Pollutants vendor1 (honeywell) vendor2 (alphasense) vendor3 (winsen)
SO2 17,337 INR 8,500 INR 10,600 INR
NO 14,600 INR 8,500 INR -
NO2 10,618 INR 8,500 INR 10,530 INR
CO - 8,500 INR 4,450 INR
CO2 - - 2,910 INR
O3 - - 4,288.28 INR
The below table provides statistical comparison of PM values of Delhi and Canada dataset[2].
Metric Delhi Dataset Canada Dataset
PM1 PM2.5 PM10 PM1 PM2.5 PM10
Min 1 1 1 0 0 0
Max 1730.5 1792 1903 2640 731 291
Mean 120.348 207.9248 226.1106 46.45 15.08 12.15
Std 57.2723 114.3632 123.8647 97.36 12.87 9.02
5th Percentile 45 72 79 4 6 8
95th Percentile 233 435 471 28 32 138
Missing % 0 0 0 72.24 73.62 71.71
Comparison based on total number of data points collected across all regions

The first parameter used for comparison is total number of records collected in every region in the city across the whole duration of the data. The below figures shows this over the cities of Hamilton and Delhi.The color of each circle in the maps represent total number of points collected in every region. As it can be seen from the maps, the circles over most of the regions in Hamilton are of green color which corresponds to 0-20 points over a region. But there is a large variation in the color of circles over Delhi which correspond to more than 500 data points over most regions. This indicates that the number of data points collected across each region in Delhi is much higher than the number of points collected across each region in Hamilton.

Total number of data points across all regions
(a) Delhi PM count
(b) Hamilton PM count
Comparison based on average value of PM2.5 level across all regions

The below graphs show the average of PM2.5 values recorded in every region throughout the dataset over the cities of Hamilton and Delhi. The color of each circle in the maps represent average PM2.5 inevery regions We can observe that the average PM value recorded in most of the regions in Hamilton is in 0-50 range and there are only a few regions that average of greater than 50. Almost none of the regions record an average greater than 100 across the whole duration of data.On the other hand, in Delhi we can see that average PM for most regions is greater than 250 which is much higher than any of regions in Hamilton.

Variance of PM2.5 level across all regions
(a) Delhi
(b) Hamilton
Comparison based on variance of PM2.5 level across all regions

Here, we compare the variance in PM2.5 level in all regions across the whole duration of data. Figure below shows this over the cities of Hamilton and Delhi. The color of each circle in the maps represent PM2.5 variance in every region. We can see that for Hamilton, PM2.5 level varies in a very small region of 0-50 across most of the regions and there are a very few points where the variance is greater than 150. We should also note that this variance is observed in a period spanning 11 years. On the other hand, we see very very high variance in PM2.5 levels recorded across almost all the regions in Delhi and this variance has been observed over just 3 months.
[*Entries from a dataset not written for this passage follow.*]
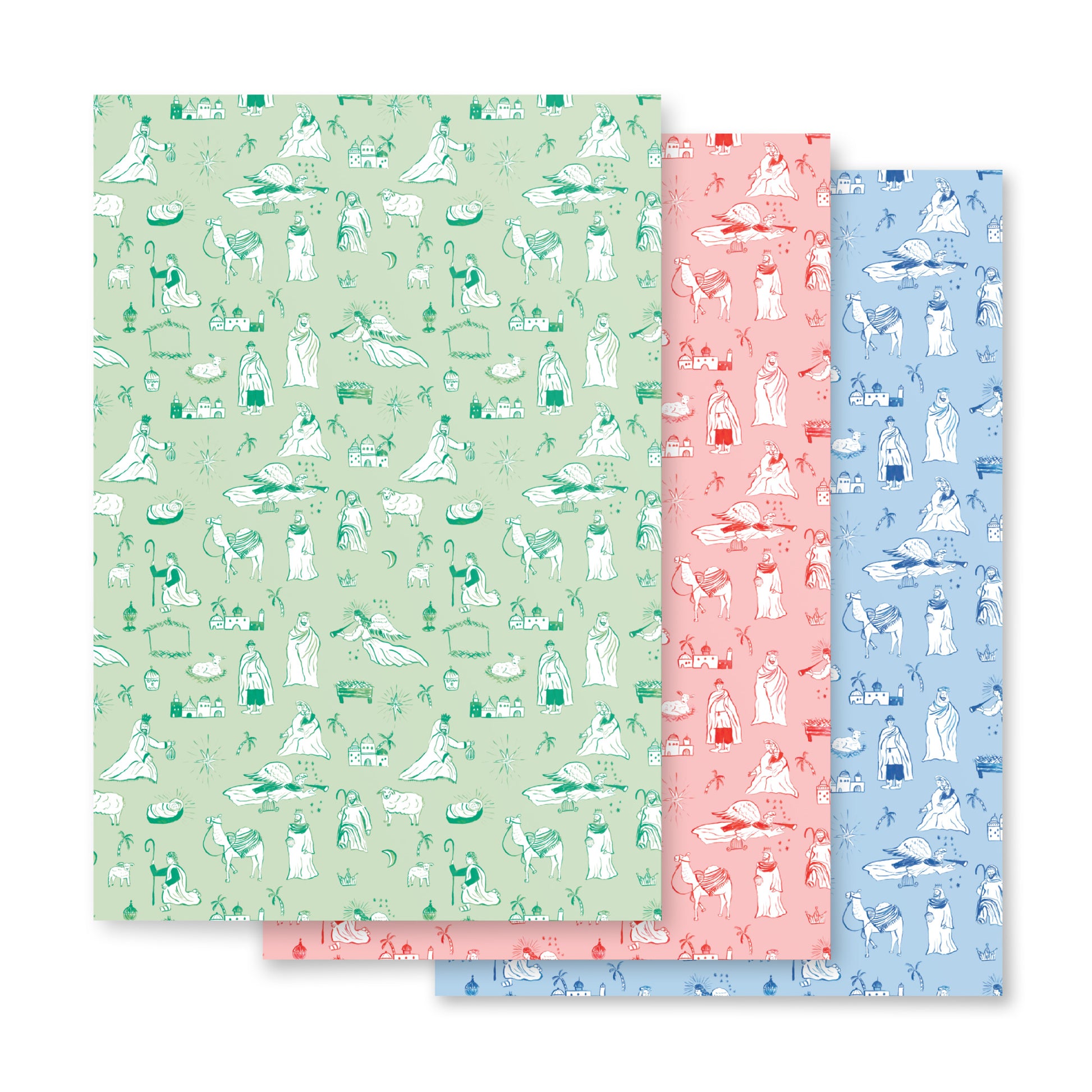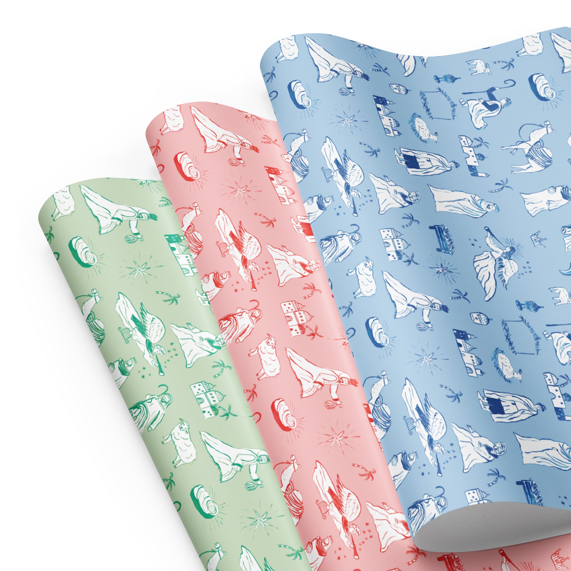 Nativity-inspired gift wrap in fun, modern colorways! Wrapping paper is printed to order as a set of 3 sheets. Sheet sizes are 28.75″ × 19.75″, printed on 70# uncoated text matte finish paper. Wrapping paper will ship rolled up in a tube for safe shipping. Wrapping paper will ship separately if you're also purchasing other items from this site.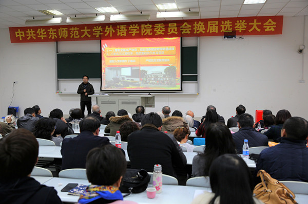 11月30日下午,中共华东师范大学外语学院委员会换届选举大会在闵行校区第一教学楼206教室召开,学院在职和退休教工党员及学生党员共计200余人参加了会议,会议由学院党委副书记兼副院长庄瑜主持。 会议以全场高唱《国歌》拉开序幕。会上,学院党委书记俞黎阳代表学院党委作题为《凝心聚力,开拓创新,努力推进一流外语学科建设》的工作报告。报告全面总结了2012年以来学院党委的主要工作,分析了在“双一流”建设背景下学院发展面临的机遇和挑战,明确提出了今后四年学院党委的工作重点。报告指出,过去四年来,在校党委的领导下,学院深入开展党的群众路线教育实践活动、“三严三实”专题教育、“两学一做”学习教育,以新一轮学科建设为契机,抓住机遇,谋划长远,深化改革,着力加强党的自身建设,注重优化队伍结构,努力提升人才培养质量,不断提高行政管理水平,大力推进学院文化建设,在推动学院各项事业全面发展中取得了丰硕的成果。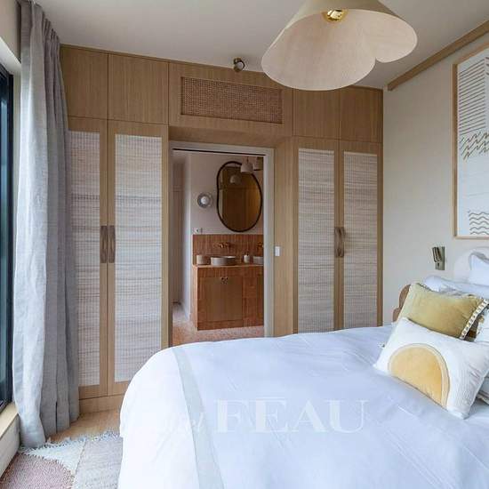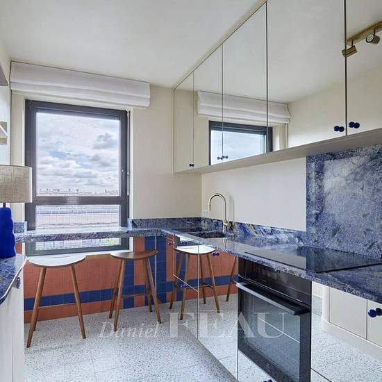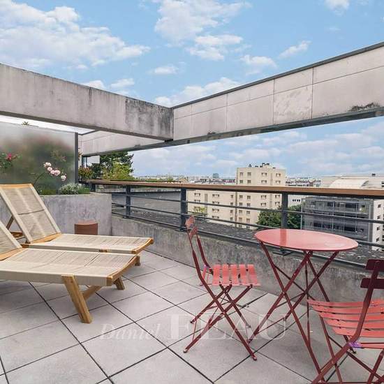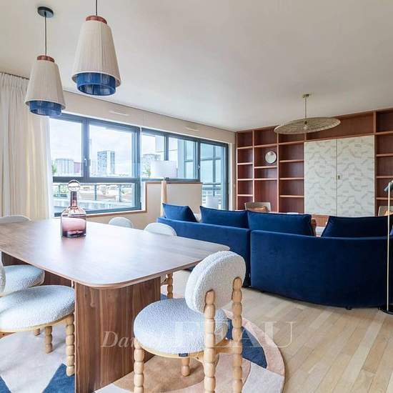 RARE A LA LOCATION - Au 9ème et dernier étage avec ascenseur d'un immeuble récent et sécurisé, sublime appartement meublé de 100 m² refait à neuf par un architecte de renom et entièrement climatisé, disposant d'une terrasse de 80m² offrant une sublime vue Tour Eiffel. Il se compose comme suit : une entrée, un double séjour salon/salle à manger donnant accès à une terrasse arborée de 80 m² exposée sud-ouest offrant une magnifique vue sur la Tour Eiffel, une cuisine entièrement équipée, une chambre en suite avec salle de bains/douche et dressi...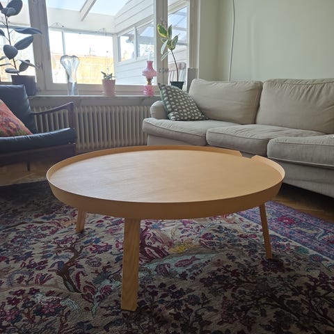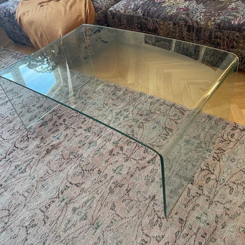 Säljer ett soffbord i ekfaner och glas från IKEA i nyskick.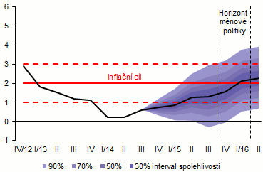 Vějířový graf zachycuje nejistotu budoucího vývoje inflace spotřebitelských cen. Nejtmavší pásmo kolem středu prognózy odpovídá vývoji, který nastane s 30% pravděpodobností. Rozšiřující se pásma zobrazují postupně vývoj s pravděpodobností 50 %, 70 % a 90 %.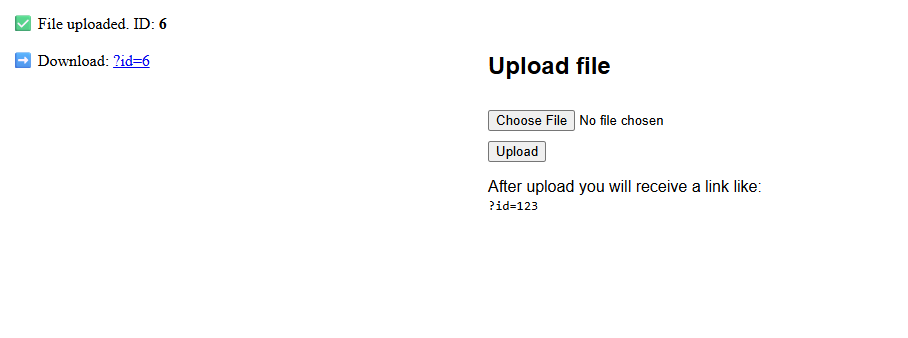 <p>After upload you will receive a link like:<br><code>?id=123</code></p>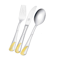 1.采用18/10不锈钢材质,抗腐蚀、抗氧化性能好,材质本身化学性能稳定,不会影响食物本身的营养与口感。2.时尚镀金图案,精致翻页,立体雕花设计,提升餐具档次。3.经久耐用、不易刮花、不易粗钝;

Variance of PM2.5 level across all regions
(a) Delhi
(b) Hamilton
Comparison based on number of hours covered across entire dataset

It is found that in Canada dataset[2], there are some hours where there are no samples at all which is shown using bar plots below. For each hour in a day, we count the total number of minutes which have at least one sample across the whole dataset. We observe that in our dataset we have samples for each minute of each hour. Whereas in Canada dataset[2] there are atleast 9 empty hours and most of them in the night time

Number of minutes covered across each hour
(a) Delhi
(b) Hamilton
Comparison based on frequency of PM values

Below plots show the frequency of PM values in Delhi and Canada datasets respectively. Most of the PM2.5 values lie in the range of 0 to 60 for the Canada dataset while it is in the range 0 to 750 in case of Delhi. Not only the range of PM values is high in our dataset but the frequency of each PM value is also high. Most frequent PM2.5 value in case of Hamilton is around 10 and in case of Delhi is 150. The above analysis also holds in case of PM1 and PM10 values.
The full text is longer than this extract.